The world needs to cut atmospheric carbon dioxide levels to half of what they were in 1990 by 2050, but right now, "Global efforts to reduce emissions have not yet been sufficiently successful to provide confidence that the reductions needed to avoid dangerous climate change will be achieved," the report states.
"It is hoped that post-2012 emission reduction targets will stimulate greater action through more effective mechanisms," the report went on, referring to the upcoming United Nations talks in Copenhagen to craft a carbon-reduction agreement to replace the Kyoto Protocol (see The Copenhagen Call: Biz Leaders Back GHG Reduction Efforts).
"But there is a serious risk that sufficient mitigation actions will not be introduced in time, despite the fact that the technologies required are both available and affordable," the report stated.
So, while working toward a huge reduction in emissions, the world's governments should be planning for ways to handle geoengineering projects, the report states.
Those fall into two camps. The first, carbon dioxide removal, involves everything from planting lots of trees to fertilizing the ocean to boost the growth of carbon dioxide-absorbing plankton (see Carbon Capture Firm Could Use the Ocean to Combat Global Warming).
That would get at the root of the problem of reducing atmospheric carbon dioxide, but is likely to be massively expensive and complicated, the report noted. Of the available choices, ocean fertilization held some of the greatest potential for negative side effects, the report noted.
The second technique, solar-radiation management, could be cheaper and faster, the report states. Solar-radiation management includes such schemes as pumping sulfur into the stratosphere to force the same kind of global cooling that has occurred after massive volcanic eruptions (see Green Light post).

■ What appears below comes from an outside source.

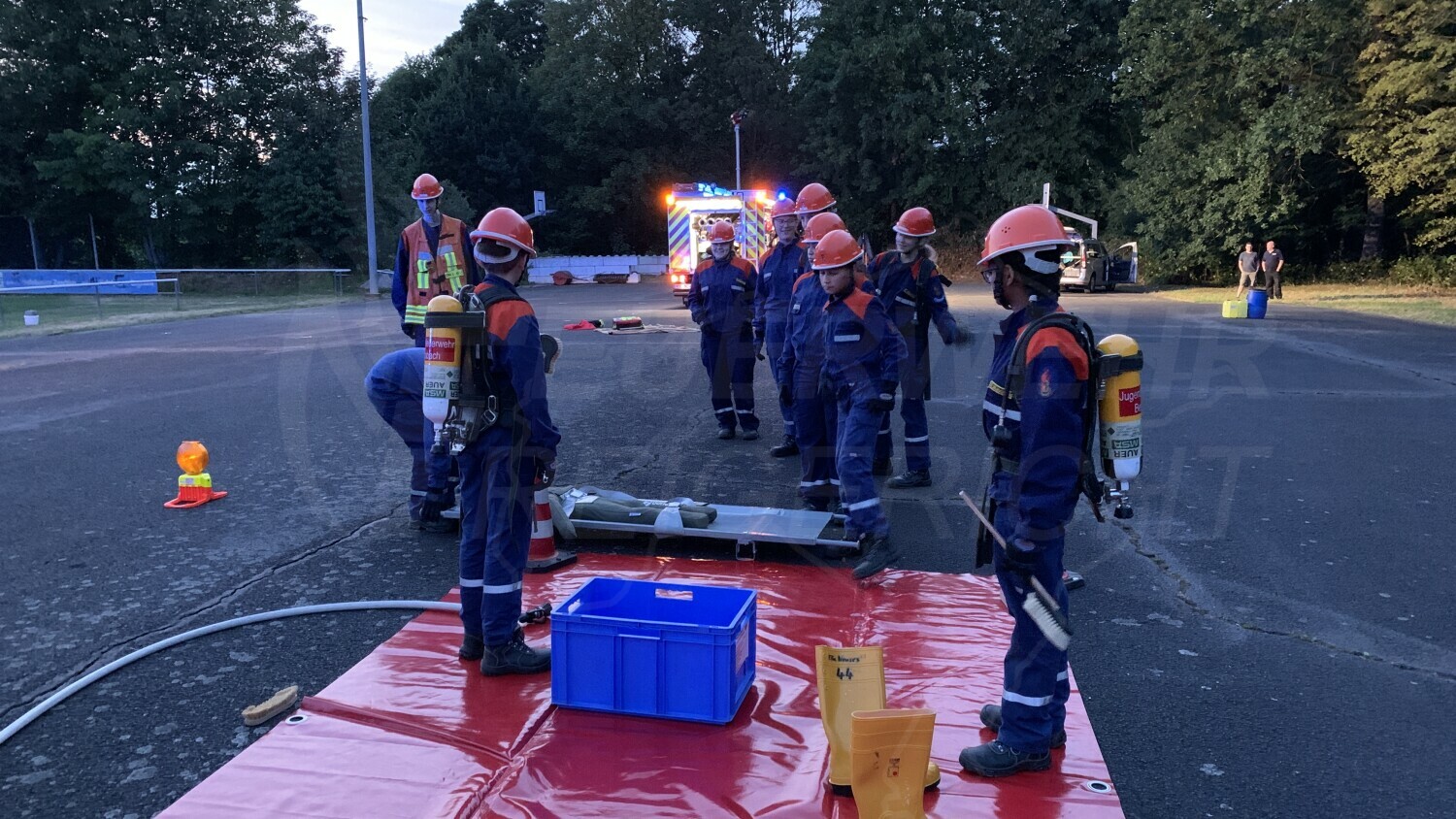 Wie ein erwachsener Feuerwehrmann werden die Jugendlichen zu ihren Fahrzeugen alarmiert. Auch am späten Abend sorgt eine vermisste Person für große Aufregung. Mittels Wärmebildkamera und Suchtrupps wurde nach der vermissten Person gesucht. Nachdem die Person endlich gefunden wurde, konnten sich die Jugendlichen auf die Nachtruhe vorbereiten, ehe die Gruppe morgens nach dem Frühstück zum nächstes Einsatz ausrückte.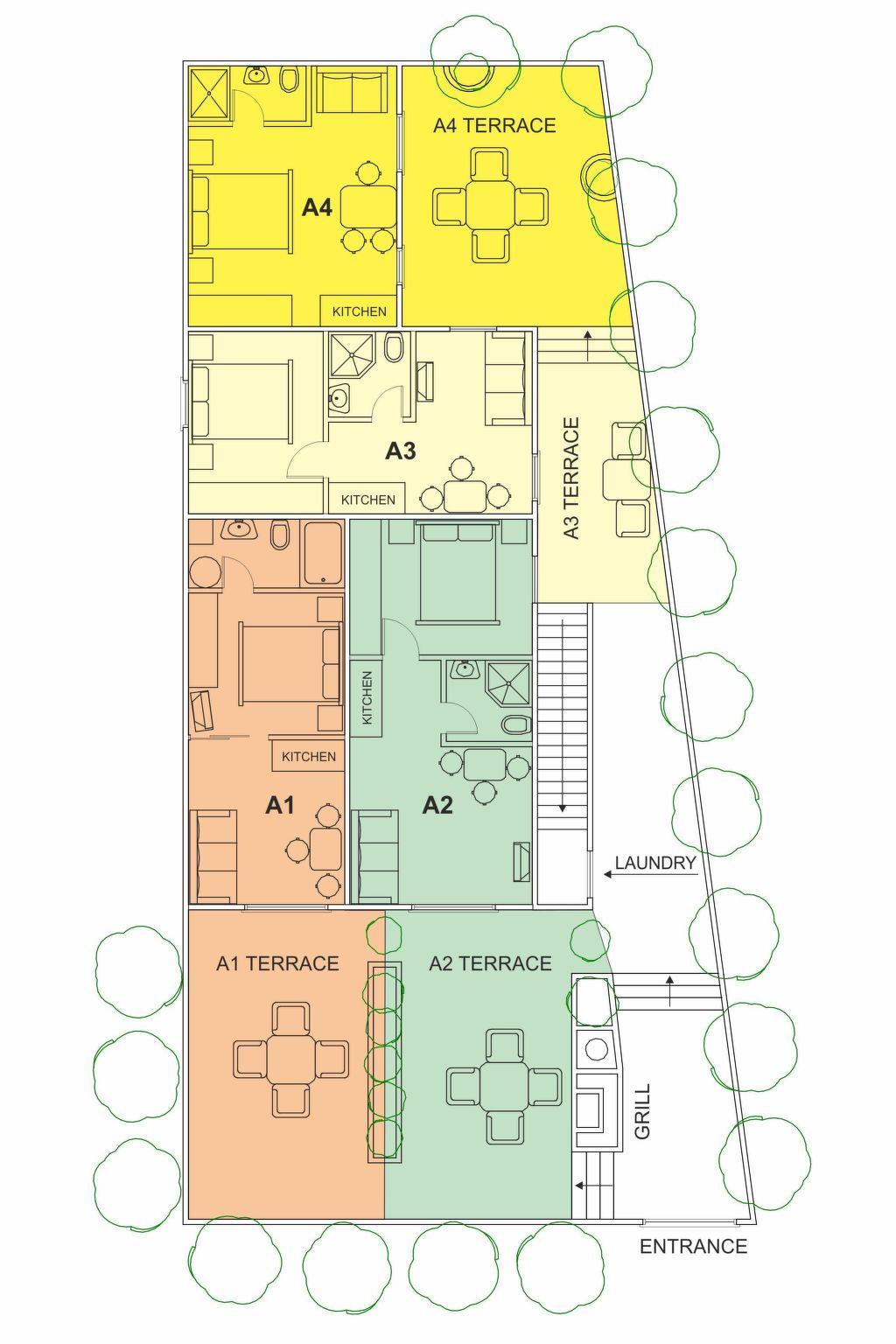 Three one-bedroom and one studio apartment (cca. 25 m2 each) are on the ground floor of the house.

It could also include projects like painting lots of building roofs white to reflect more sunlight back into space – an idea that's gotten the backing of Energy Secretary Steven Chu, among others.
But such sunlight-blocking schemes don't deal directly with carbon dioxide in the atmosphere, and carry the risks of unknown and possible catastrophic side effects, the report warns. Thus, they should only be used if absolutely necessary, the report stated.
Given the challenge facing the globe, geoengineering concepts of all stripes have been getting more serious attention from important parties, including the Obama administration, the Wall Street Journal reports.
Geoengineering will certainly require an unprecedented level of international cooperation, first on researching which ones will work the best and then on spending the billions of dollars needed to implement them, the report found.
But then, so will reducing manmade greenhouse-gas emissions, as the debate over carbon cap-and-trade legislation in Congress has highlighted (see Energy-Climate Bill Could Boost Electricity Costs 20% by 2030).